The Milky Way (MW) stellar halo, containing debris from past accretion events, serves as a fossil record of hierarchical mass assembly. Due to their distinct properties, RR Lyrae stars (RRLs) serve as excellent tracers for identifying and characterising the halo's substructures. We analysed a sample of 4933 RRLs, for which we calculated the integrals of motion and orbital parameters. We applied the domain-informed novelty detection CLustering in Multiphase Boundaries (CLiMB) framework to identify RRL membership in the MW substructures. We analysed the metallicity distributions of RRLs in major accreted system remnants as a snapshot of their chemical evolutionary status during early epochs. We calculated the weighted mean metallicity ([Fe/H]) and the corresponding standard deviation for Gaia Sausage/Enceladus ([Fe/H] = $-1.57 \pm 0.25$ dex), Sequoia ([Fe/H] =$ -1.64\pm0.26$ dex), and the Helmi streams ([Fe/H] = $-1.66\pm0.19$ dex). The metallicity distribution of RRLs in Thamnos was found to be bimodal, with the metal-poor peak likely representing the genuine accreted Thamnos population ([Fe/H] = $-1.94\pm0.20$ dex), in agreement with recent works based on spectroscopic abundances. Our analysis shows that the substructures ED-1 and L-RL3 are highly contaminated by thick disc stars. However, the metal-poor tails in their metallicity distributions may be signatures of remnants from small accreted systems. We also identify over-densities of RRLs in correspondence with the recently reported substructures Shiva and Shakti, which we suggest are of in-situ origin. Finally, we applied the RRL-based mass-metallicity relation of galaxies to test the nature of the identified dynamical substructures.

Editorial analysis

A structured set of objections, weighed in public.

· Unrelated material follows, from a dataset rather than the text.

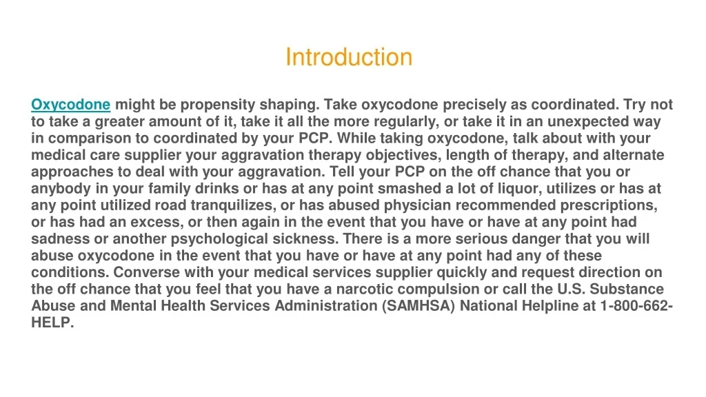 Introduction Oxycodone might be propensity shaping. Take oxycodone precisely as coordinated. Try not to take a greater amount of it, take it all the more regularly, or take it in an unexpected way in comparison to coordinated by your PCP. While taking oxycodone, talk about with your medical care supplier your aggravation therapy objectives, length of therapy, and alternate approaches to deal with your aggravation. Tell your PCP on the off chance that you or anybody in your family drinks or has at any point smashed a lot of liquor, utilizes or has at any point utilized road tranquilizes, or has abused physician recommended prescriptions, or has had an excess, or then again in the event that you have or have at any point had sadness or another psychological sickness. There is a more serious danger that you will abuse oxycodone in the event that you have or have at any point had any of these conditions. Converse with your medical services supplier quickly and request direction on the off chance that you feel that you have a narcotic compulsion or call the U.S. Substance Abuse and Mental Health Services Administration (SAMHSA) National Helpline at 1-800-662-HELP.

Desk editor's note, referee report, simulated authors' rebuttal, and a circularity audit. Tearing a paper down is the easy half of reading it; the pith above is the substance, this is the friction.

Referee Report

1 major / 1 minor

Summary. The manuscript analyzes a sample of 4933 RR Lyrae stars from Gaia DR3, computes integrals of motion and orbital parameters, and applies the CLiMB novelty-detection framework to assign memberships to Milky Way halo substructures. It reports weighted mean metallicities of [Fe/H] = −1.57±0.25 dex for Gaia Sausage/Enceladus, −1.64±0.26 dex for Sequoia, −1.66±0.19 dex for the Helmi streams, and a bimodal distribution for Thamnos with a metal-poor peak at −1.94±0.20 dex, while noting thick-disk contamination in ED-1 and L-RL3, suggesting in-situ origins for Shiva and Shakti, and testing a mass-metallicity relation.

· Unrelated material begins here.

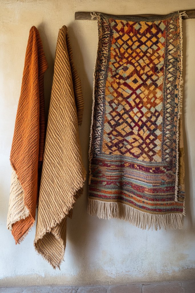 Use sturdy hooks, rods, or tension wires to hang your textiles securely. Arrange them in overlapping layers or spaced for a more relaxed vibe. Ensure the textiles are clean and free of dust before hanging. For extra impact, add decorative trims or tassels. Keep the hangings in good condition by dusting regularly and avoiding direct sunlight to prevent fading.

Significance. If the CLiMB assignments prove reliable, the work supplies chemical characterizations of accreted halo substructures using RR Lyrae tracers, which offer precise distances and thus improved orbital constraints; the reported metallicities and the identification of a metal-poor Thamnos component align with spectroscopic studies and could constrain early galaxy assembly models.

major comments (1)
  1. [Abstract and CLiMB application section] The weighted-mean [Fe/H] values and their uncertainties for GSE, Sequoia, Helmi streams, and the Thamnos peaks are load-bearing results that depend directly on the correctness of the CLiMB membership assignments; however, the manuscript provides no purity/completeness metrics, simulation-based validation, or cross-matches against independent membership catalogs, leaving open the possibility that thick-disk or in-situ contamination (explicitly flagged for ED-1 and L-RL3) shifts the reported means at the quoted precision level.
minor comments (1)
  1. [Abstract] The abstract lists specific [Fe/H] values and standard deviations but does not indicate how photometric or spectroscopic metallicities were obtained or how uncertainties were propagated into the weighted means.

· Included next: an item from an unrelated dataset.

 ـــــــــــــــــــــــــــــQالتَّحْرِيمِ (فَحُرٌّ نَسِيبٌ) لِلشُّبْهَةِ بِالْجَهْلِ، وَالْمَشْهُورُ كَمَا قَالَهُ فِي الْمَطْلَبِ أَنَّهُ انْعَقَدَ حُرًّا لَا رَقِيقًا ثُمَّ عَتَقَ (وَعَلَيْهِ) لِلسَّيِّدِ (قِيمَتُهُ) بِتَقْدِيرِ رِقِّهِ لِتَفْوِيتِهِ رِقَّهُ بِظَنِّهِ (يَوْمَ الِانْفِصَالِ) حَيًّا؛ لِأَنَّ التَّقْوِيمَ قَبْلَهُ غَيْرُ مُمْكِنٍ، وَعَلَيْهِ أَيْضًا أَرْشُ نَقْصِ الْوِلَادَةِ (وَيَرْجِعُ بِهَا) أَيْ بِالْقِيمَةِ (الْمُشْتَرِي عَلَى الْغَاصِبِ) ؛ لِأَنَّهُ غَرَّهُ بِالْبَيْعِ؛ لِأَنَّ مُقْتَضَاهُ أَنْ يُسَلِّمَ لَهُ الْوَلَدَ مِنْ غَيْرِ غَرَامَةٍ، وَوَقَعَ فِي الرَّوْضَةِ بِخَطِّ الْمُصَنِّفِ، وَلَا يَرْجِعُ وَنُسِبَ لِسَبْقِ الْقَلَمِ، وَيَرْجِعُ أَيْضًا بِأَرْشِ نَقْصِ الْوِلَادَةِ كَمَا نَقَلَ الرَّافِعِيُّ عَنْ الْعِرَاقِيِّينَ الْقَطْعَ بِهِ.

Simulated Author's Rebuttal

1 responses · 0 unresolved

We thank the referee for the constructive feedback on our manuscript. We address the major comment regarding validation of the CLiMB membership assignments below, and we will incorporate additional checks in the revised version to strengthen the presentation of the results.

read point-by-point responses
  1. Referee: [Abstract and CLiMB application section] The weighted-mean [Fe/H] values and their uncertainties for GSE, Sequoia, Helmi streams, and the Thamnos peaks are load-bearing results that depend directly on the correctness of the CLiMB membership assignments; however, the manuscript provides no purity/completeness metrics, simulation-based validation, or cross-matches against independent membership catalogs, leaving open the possibility that thick-disk or in-situ contamination (explicitly flagged for ED-1 and L-RL3) shifts the reported means at the quoted precision level.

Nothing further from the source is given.